Entry updated 2 August 2020. Tagged: Film.

Film (1978; vt Zombie Italy; vt Zombies UK). Laurel. Directed by George Romero. Written by Romero, with Dario Argento (who also cowrote the music) as script consultant. Cast includes David Emge, Ken Foree, Scott H Reininger and Gaylen Ross. 127 minutes, cut to 125 minutes. Colour.

The first of three sequels to Night of the Living Dead (1968) – the others are Day of the Dead (1985) and Land of the Dead (2005) – this was (unusually) premiered in Italy, under the title Zombie.
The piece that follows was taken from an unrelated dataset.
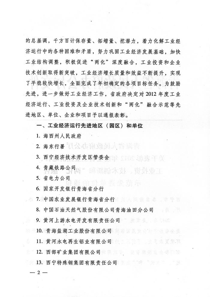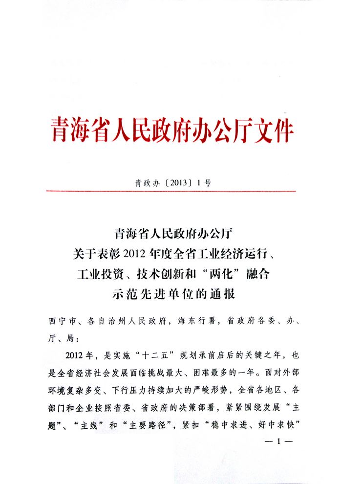 集團(tuán)榮獲2012年度青海省人民政府“工業(yè)投資貢獻(xiàn)獎(jiǎng)”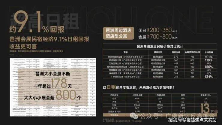 2023年琶洲展会全年举办800场,共178天,以会展租价计算,一年最高可达13万/年超高收益,民宿经济约 9.1%日租回报 更可喜。

Dawn of the Dead is true sf, not just because of the pseudoscientific explanation for zombiism but because Romero is interested in Zombies not only as occasions for horror – though Dawn of the Dead remains primarily a Horror film – but also as phenomena (their sociology, their possible intelligence) in the way that an sf writer might be interested in Aliens. Where the first film was unremittingly black, this has a comic-strip and satirical humour about it, as four survivors hole up in a shopping mall besieged by zombies and bikers. Jokes about the death of capitalism, even while the capitalist instinct survives, are focused on the many goods displayed in the spotless temple of consumerism. The subtext (we, the working class, are, or could be, the zombies) is spirited though unsubtle, and the film is remembered by most for its violent, well-choreographed action.

The novelization is Dawn of the Dead (1978) by George Romero and Susanna Sparrow. [PN]

see also: Satire.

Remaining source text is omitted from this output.